**Exercise objective**. Reproduce the listing below from the line with "Svæfilsver - Hvítt" to the line with "A delicious and", both lines included, character for character, minus any pictures.

---

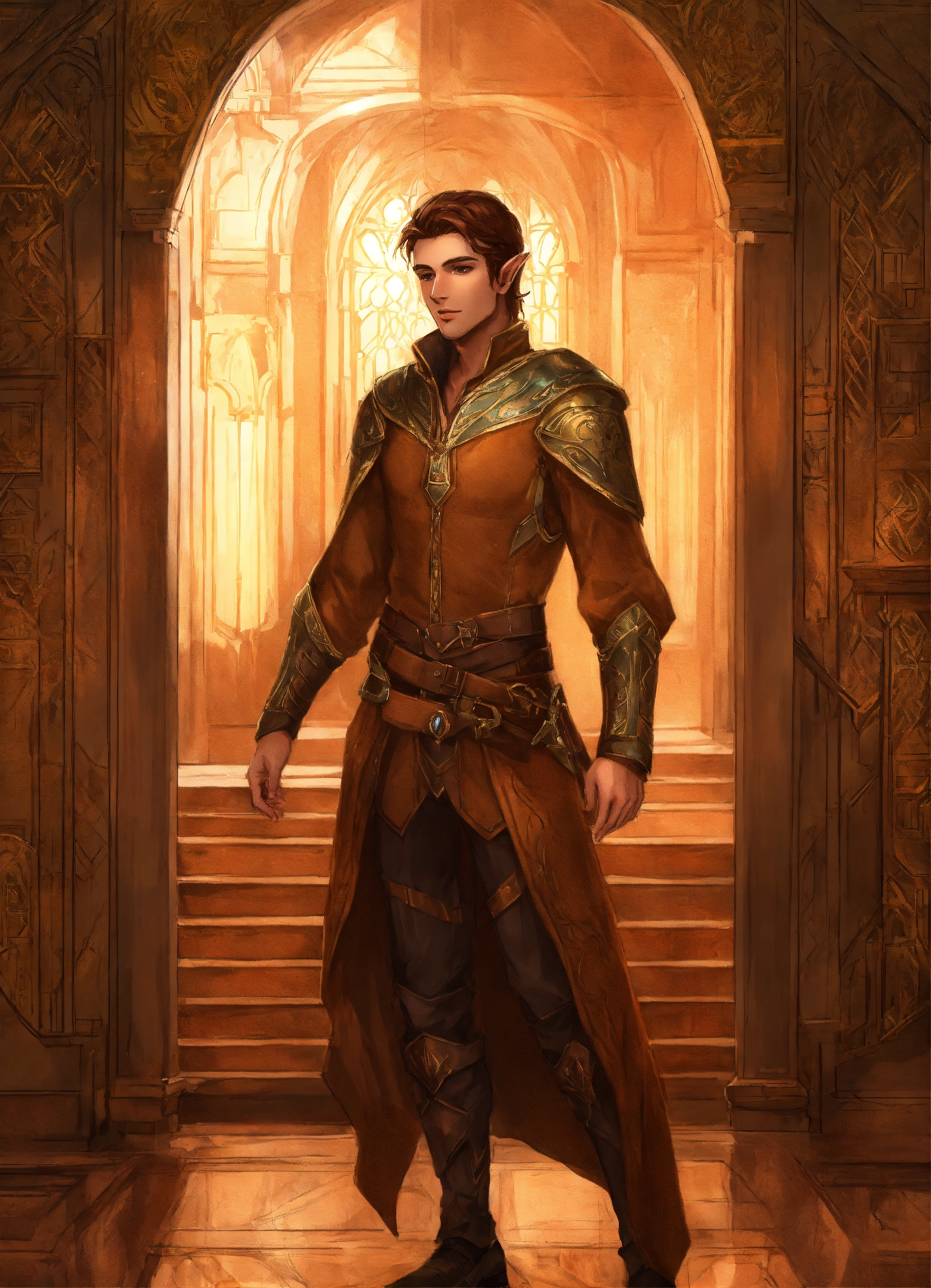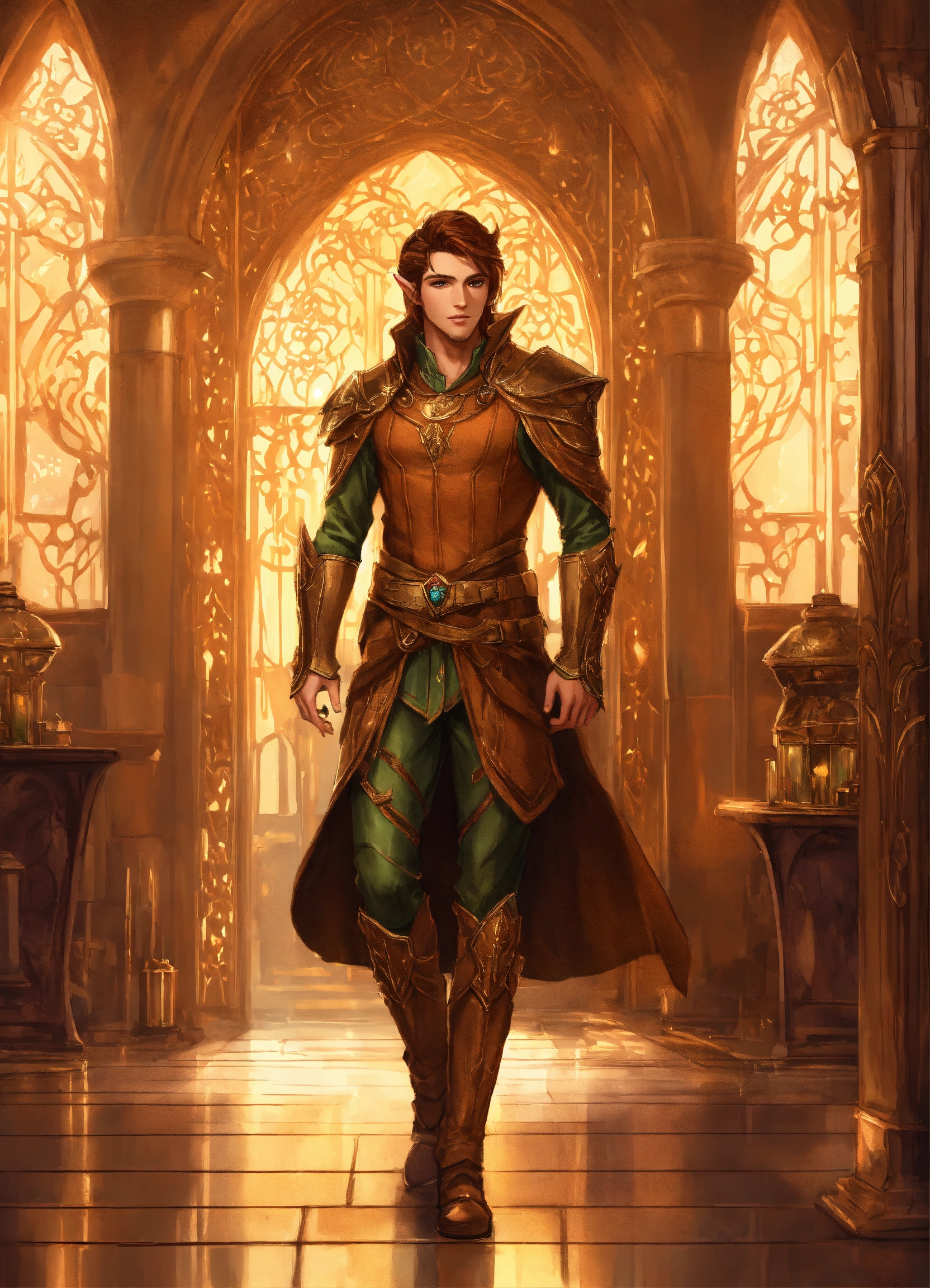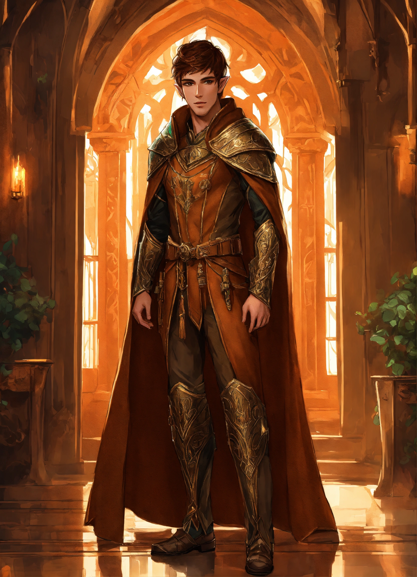 Drawing of an elf, royalty, sci fi, brown cybernetic outfit, brown hair, standing in a copper elven palace hall, handsome, male high elf, 22 years old, full body
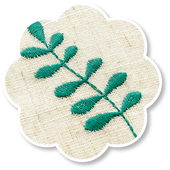 ●素材:ポリエステル・麻、刺繍糸=上糸/レーヨン100%、下糸/ポリエステル100%
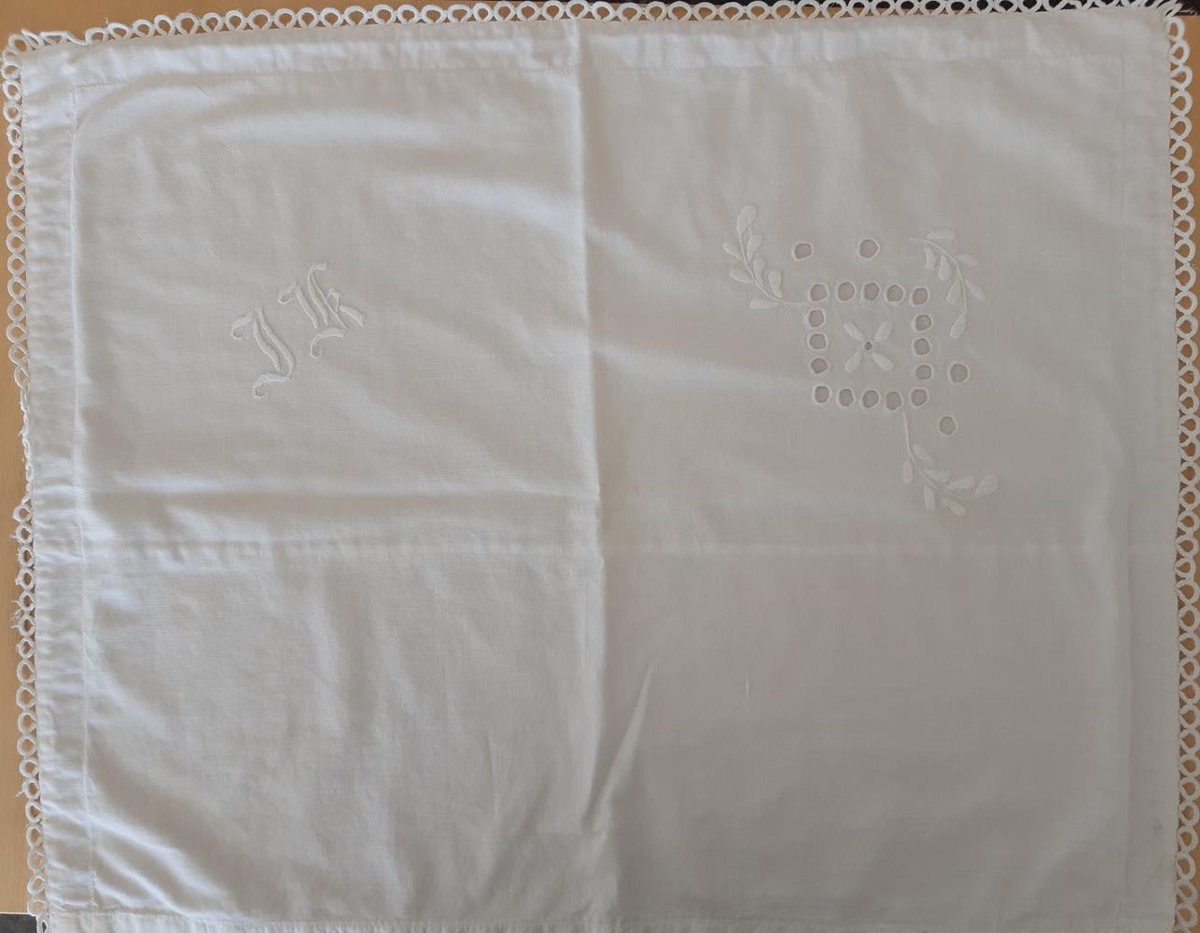 Svæfilsver - Hvítt léreft. Saumað í vinstra horn stafirnir IK. Í hægra horni er enskt franskt munstur. Orkeruð blúnda í kring um þrjár hliðar. 3 hnappagöt í opi. Saumað í búið fyrir giftingu 1950.
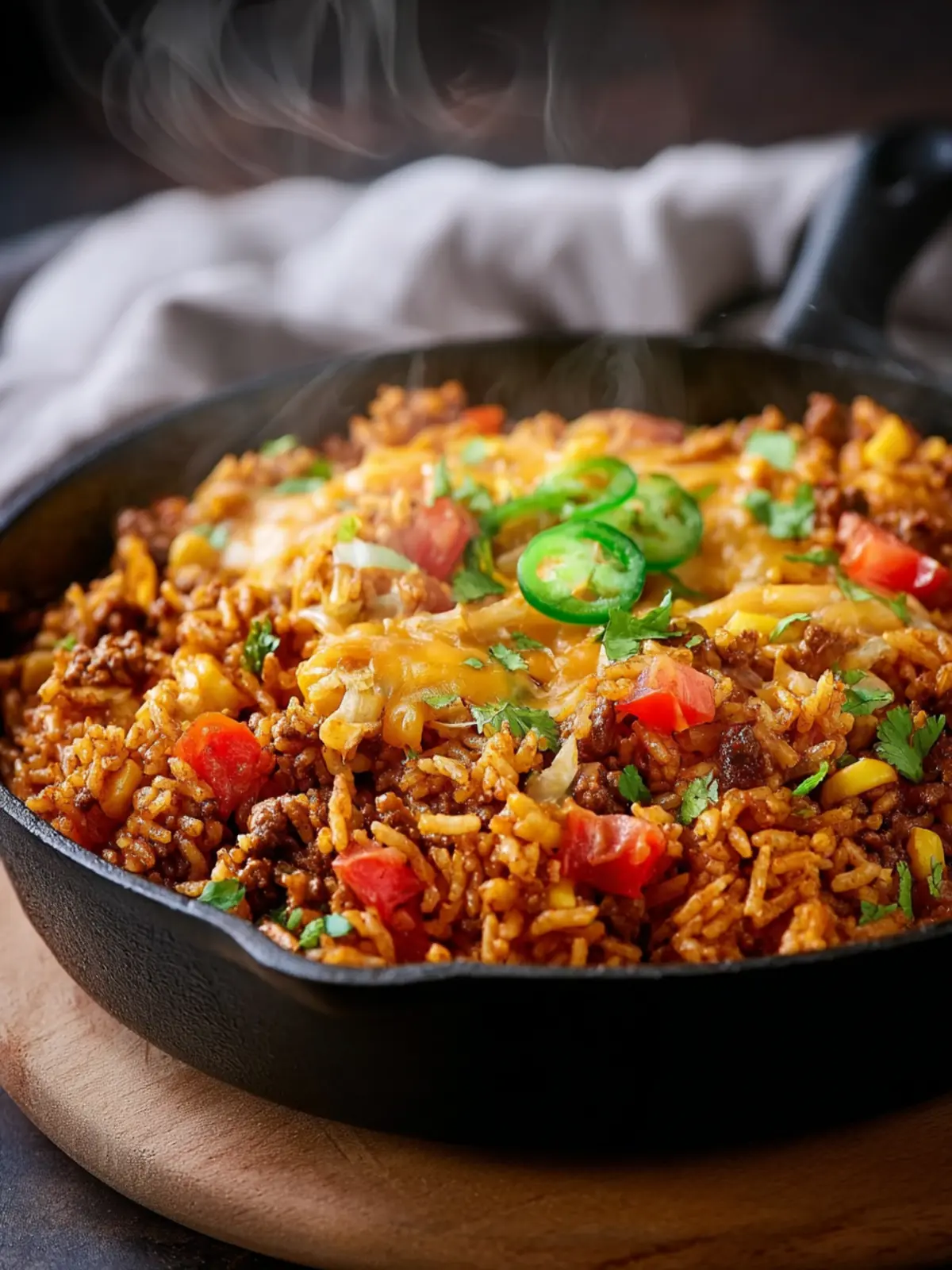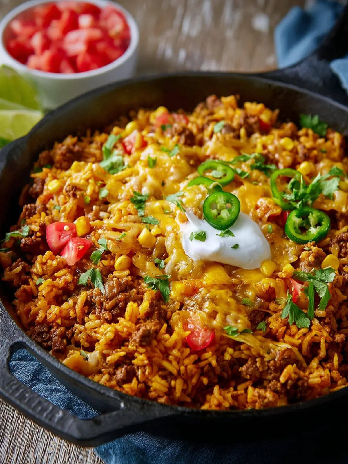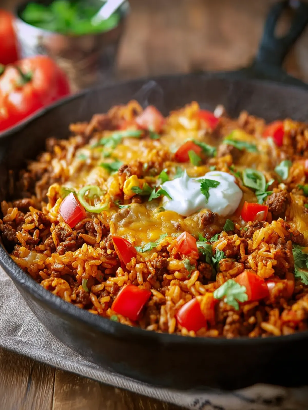 A delicious and easy Taco Rice Skillet recipe that combines ground beef, rice, and cheese for a quick weeknight meal.
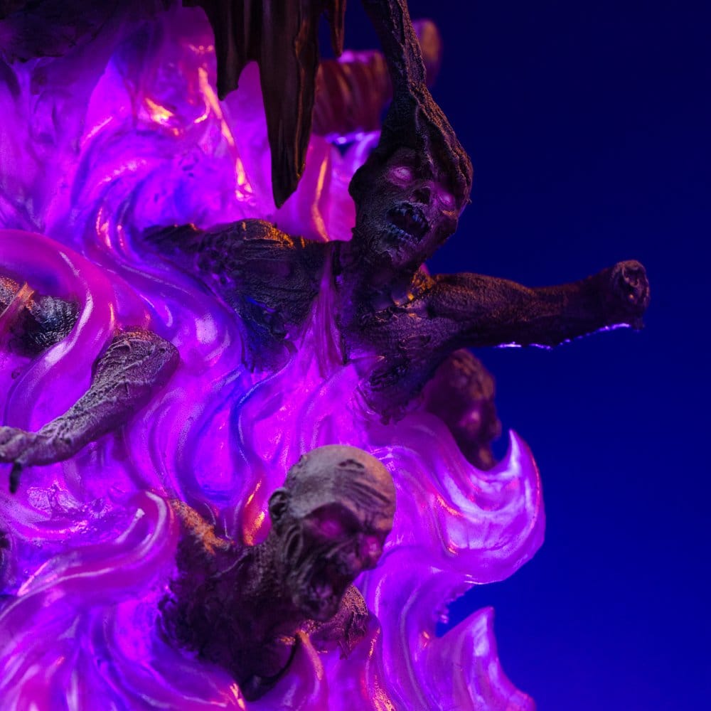 Fabricada en resina de alta calidad, con posibles componentes en polystone, ABS, PVC, metal y tela, esta figura coleccionable de Liliana Vess ofrece un acabado pintado a mano que realza con enorme precisión los pliegues del vestido, la expresión del rostro, los efectos de energía violeta y la base repleta de criaturas surgidas de su magia. Sus medidas aproximadas de 31 x 17 x 16,8 cm, dentro de la escala 1/10, permiten disfrutar de una estatua con altura, volumen y presencia escénica sin exigir un espacio excesivo. La composición transmite movimiento, autoridad y un aura sobrenatural muy fiel al personaje, mientras que la característica especial de incluir 2 cabezas añade valor expositivo y permite personalizar la presentación según el estilo que se quiera mostrar en la colección.
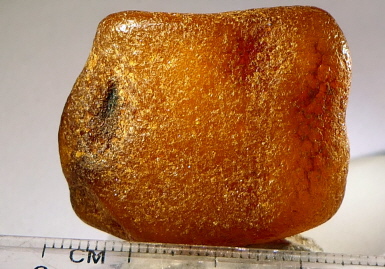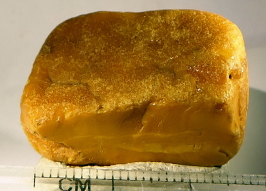 Diesen Bernsteinfund habe ich 1994 in der legendären Bitterfelder Braunkohlegrube gemacht. Es ist ein schöner fester milchig-gelber Bernstein, wiegt 3g und ist 22mm groß.

---

**Answer below**.
 Svæfilsver - Hvítt léreft. Saumað í vinstra horn stafirnir IK. Í hægra horni er enskt franskt munstur. Orkeruð blúnda í kring um þrjár hliðar. 3 hnappagöt í opi. Saumað í búið fyrir giftingu 1950.
 A delicious and easy Taco Rice Skillet recipe that combines ground beef, rice, and cheese for a quick weeknight meal.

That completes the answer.